→ Action item:
Could you copy exactly the lines below from the one with "Практична и издръжлива" to the one with "Передний бампер в", inclusive, leaving out any pictures?

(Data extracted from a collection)
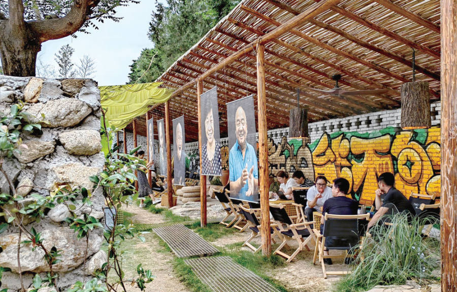 一片农家小院装饰得清新脱俗,院墙边的老槐树与楼梯相互托举,三五好友坐于其间品茗畅聊。院子中心,几名年轻女孩正摆着造型悠然自拍。店员手捧咖啡,脚步轻盈从她们身边掠过。一抬头,蓝天、白云、青山,接续入眼。
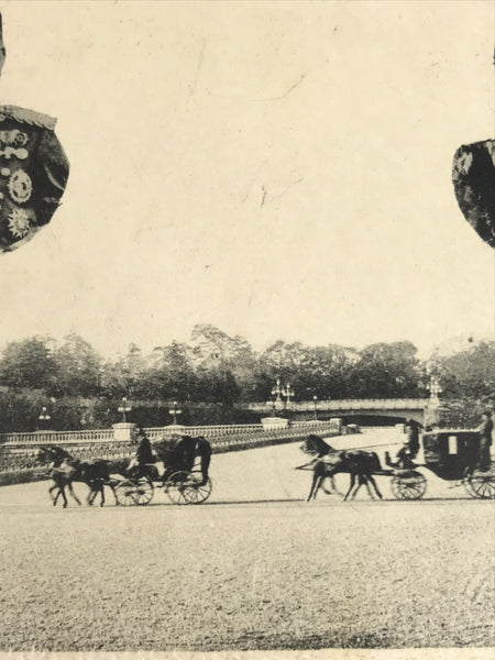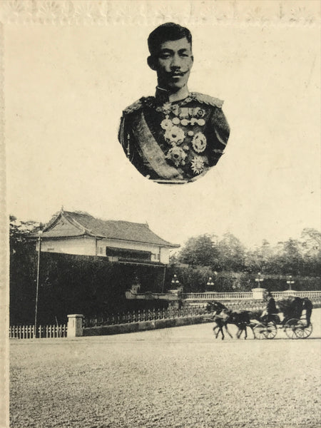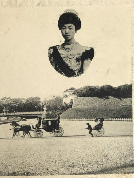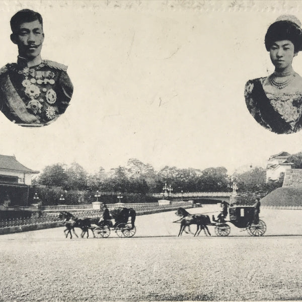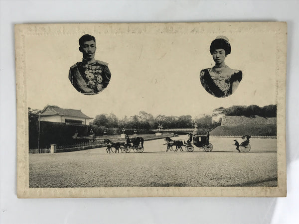 This is a black-and-white antique Japanese souvenir postcard featuring a photo of horse-drawn carriages with photos of Emperor Meiji and Empress Shoken. This postcard has a floral embossed border.
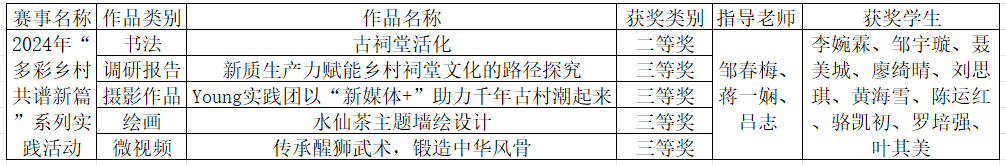 本网讯(记者 邹春梅)3月5日,广东省人民政府地方志办公室公示了2024年“多彩乡村 共谱新篇”系列实践活动获奖名单。马克思主义学院Young实践团报送的书法作品《古祠堂活化》、微视频作品《传承醒狮武术,锻造中华风骨》、调研报告《新质生产力赋能乡村祠堂文化的路径探究》、摄影作品《Young实践团以“新媒体+”助力千年古村潮起来》、绘画作品《水仙茶主题墙绘设计》从15216件作品中脱颖而出,荣获二等奖一项、三等奖四项。
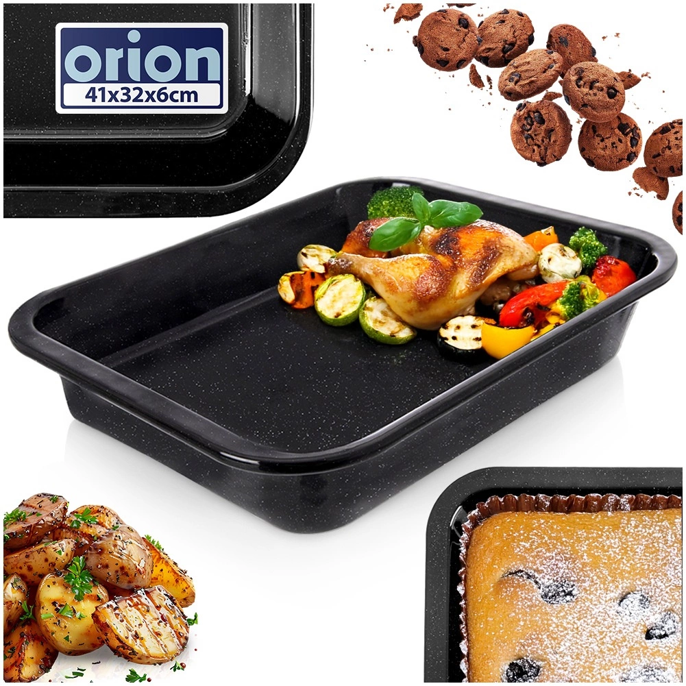 Практична и издръжлива тава за печене от емайлирана стомана с размери 41 × 32 × 6 cm, предлага равномерно печене, лесно почистване и високи ръбове за безопасна подготовка на сладки и солени ястия. Подходяща за газови и електрически фурни и може да се мие в съдомиялна.
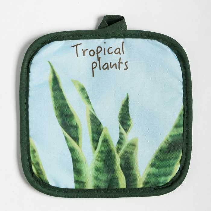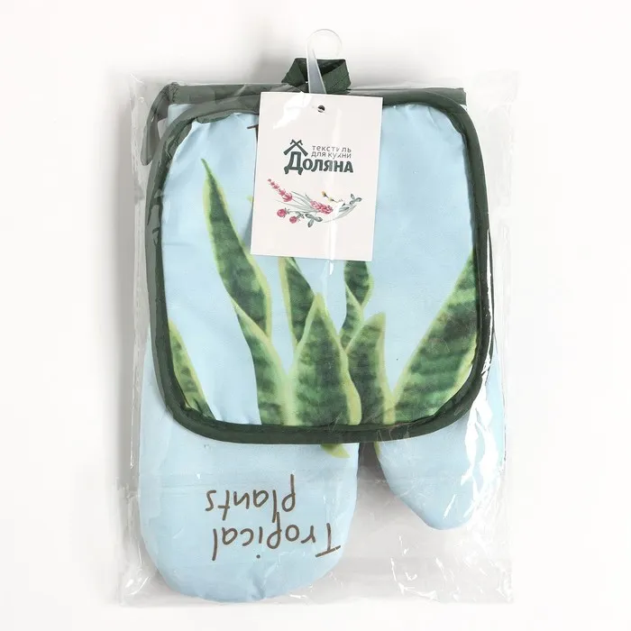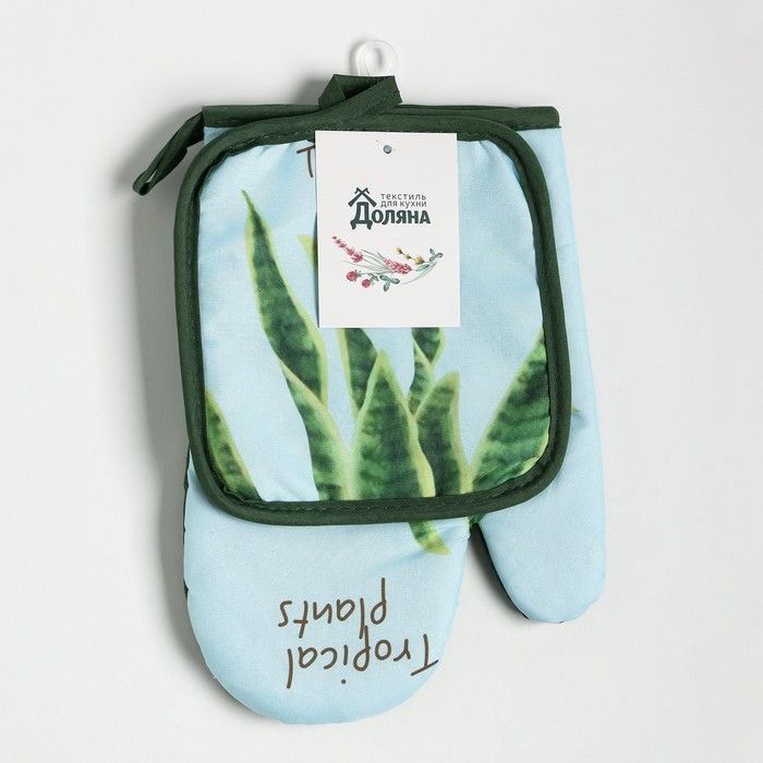 Кухонный набор 2 предмета Доляна "Tropical" цвет голубой: прихватка 17х17 см, варежка 25х16 см, 100% п/э — Характеристики
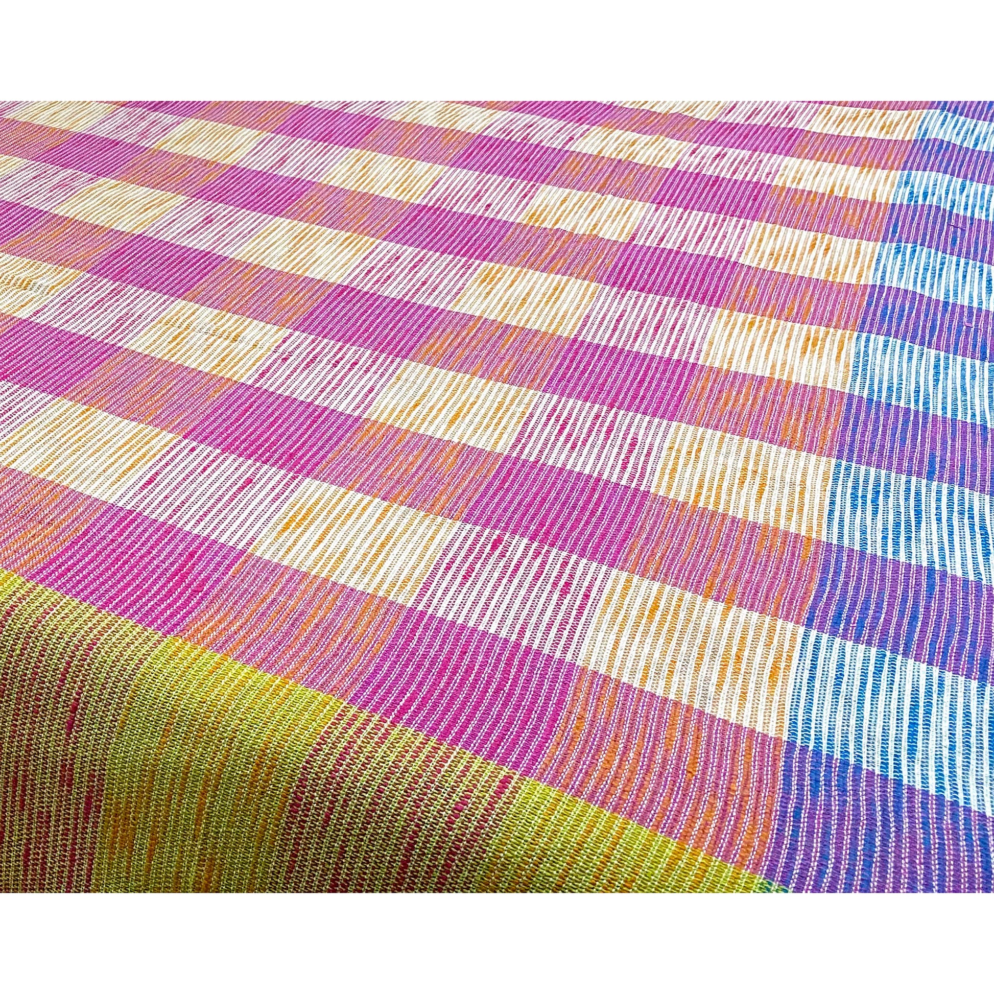 An elegant cotton bed cover in light pink, soothing yellow and light blue hues, woven by the skilled artisans of Uttar Pradesh .
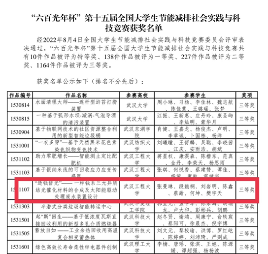 (通讯员 贾丰成)近日,第十五届全国大学生节能减排社会实践与科技竞赛在天津大学落下帷幕。由化环学院推送的参赛作品《“造铋借光”——一种铋系三元异质结光催化材料的合成及太阳能驱动处理废水装置设计》,在柯军、张哲两位老师的共同指导下,由2018级环境工程专业张曼琳负责,在刘岩明,段懿桐,陈鑫,蔡甜,何坤,樊宇天等同学的共同努力下,荣获国家三等奖。
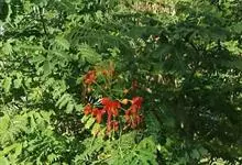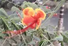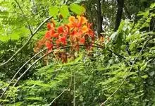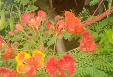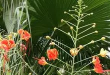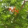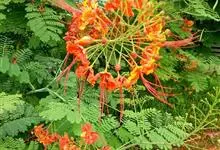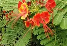 洋金凤 Sw.),豆科小凤花属灌木状或小乔木植物,枝无毛,绿或粉绿色;二回羽状复叶;总状花序伞房状,萼片无毛,花瓣橙红或黄色,圆形,花丝红色,子房无毛,花柱橙黄色;荚果窄而薄,…全部>>
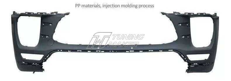 Передний бампер в сборе с решетками и воздуховодами, накладка и юбка для него выполнены из полипропилена и загрунтованы. Они не требуют предварительной доработки перед установкой. Все элементы являются репликами оригиналов, позволяя говорить об их доступной цене без ущерба для качества. Яркими деталями в экстерьере авто станут рамка номерного знака, поворотники с габаритами и противотуманные фары.
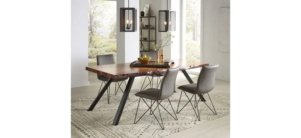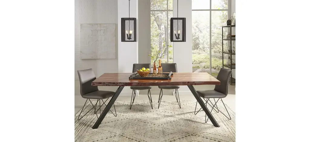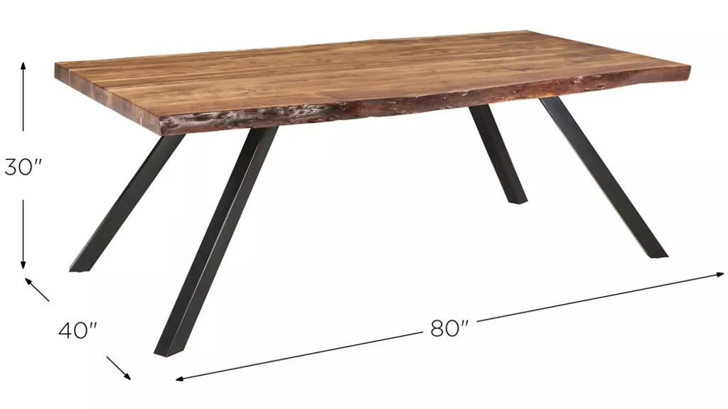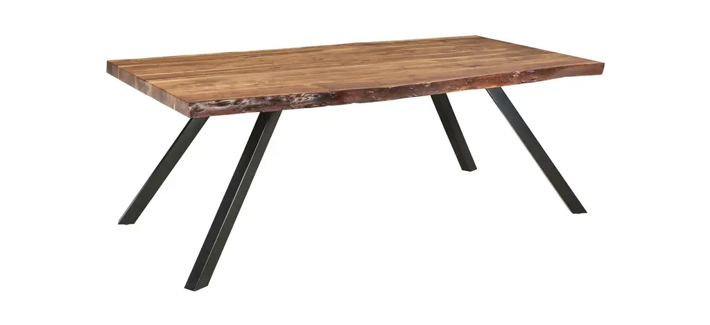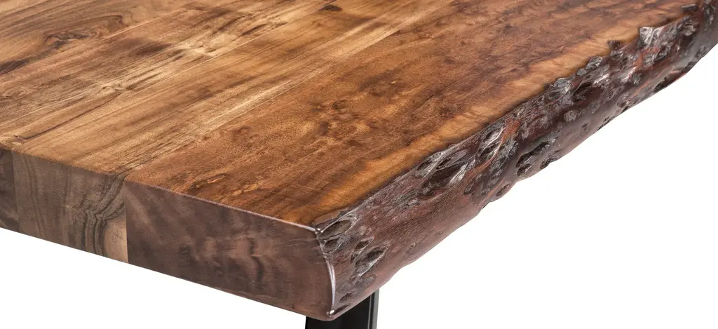Reese Dining Table in natural acacia. Made from 2-inch thick planks of solid acacia wood and powder-coated iron, the Reese table top is finished and sealed with a clear semi-gloss NC lacquer to preserve its genuine tree edges and unique wood grain. The nature of the wood and live edges ensures each table is one-of-a-kind, with random edge profiles, knots, cracks and varied grain patterns shining through sundry hues.
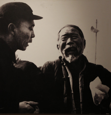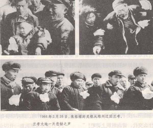 1962年12月9日,焦裕禄到兰考工作的第三天,就到了老韩陵村,挨家挨户到群众家中访问,还专门住进70岁的饲养员肖位芬老大爷的牛屋,与老人三次彻夜长谈,向他了解情况,请教经验。图为迁葬大会上,肖位芬老泪纵横地说:“焦书记啊,你是为了兰考人民而累死的啊……”
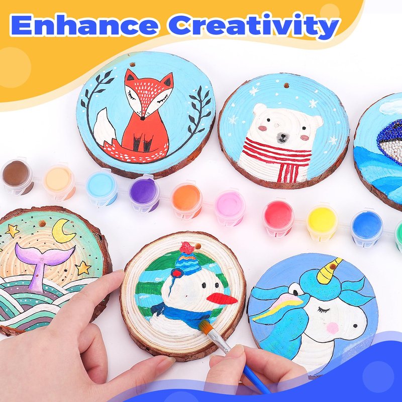 - 【Comprehensive Craft Kit】 Let kids imagination run free with 10pcs wood slices, 9 wooden Ornaments, 17 paints, 10 glitter glues and 2400+ shiny diamonds and 2 gem stickers and so on.

→ Expected output:
 Практична и издръжлива тава за печене от емайлирана стомана с размери 41 × 32 × 6 cm, предлага равномерно печене, лесно почистване и високи ръбове за безопасна подготовка на сладки и солени ястия. Подходяща за газови и електрически фурни и може да се мие в съдомиялна.
 Кухонный набор 2 предмета Доляна "Tropical" цвет голубой: прихватка 17х17 см, варежка 25х16 см, 100% п/э — Характеристики
 An elegant cotton bed cover in light pink, soothing yellow and light blue hues, woven by the skilled artisans of Uttar Pradesh .
 (通讯员 贾丰成)近日,第十五届全国大学生节能减排社会实践与科技竞赛在天津大学落下帷幕。由化环学院推送的参赛作品《“造铋借光”——一种铋系三元异质结光催化材料的合成及太阳能驱动处理废水装置设计》,在柯军、张哲两位老师的共同指导下,由2018级环境工程专业张曼琳负责,在刘岩明,段懿桐,陈鑫,蔡甜,何坤,樊宇天等同学的共同努力下,荣获国家三等奖。
 洋金凤 Sw.),豆科小凤花属灌木状或小乔木植物,枝无毛,绿或粉绿色;二回羽状复叶;总状花序伞房状,萼片无毛,花瓣橙红或黄色,圆形,花丝红色,子房无毛,花柱橙黄色;荚果窄而薄,…全部>>
 Передний бампер в сборе с решетками и воздуховодами, накладка и юбка для него выполнены из полипропилена и загрунтованы. Они не требуют предварительной доработки перед установкой. Все элементы являются репликами оригиналов, позволяя говорить об их доступной цене без ущерба для качества. Яркими деталями в экстерьере авто станут рамка номерного знака, поворотники с габаритами и противотуманные фары.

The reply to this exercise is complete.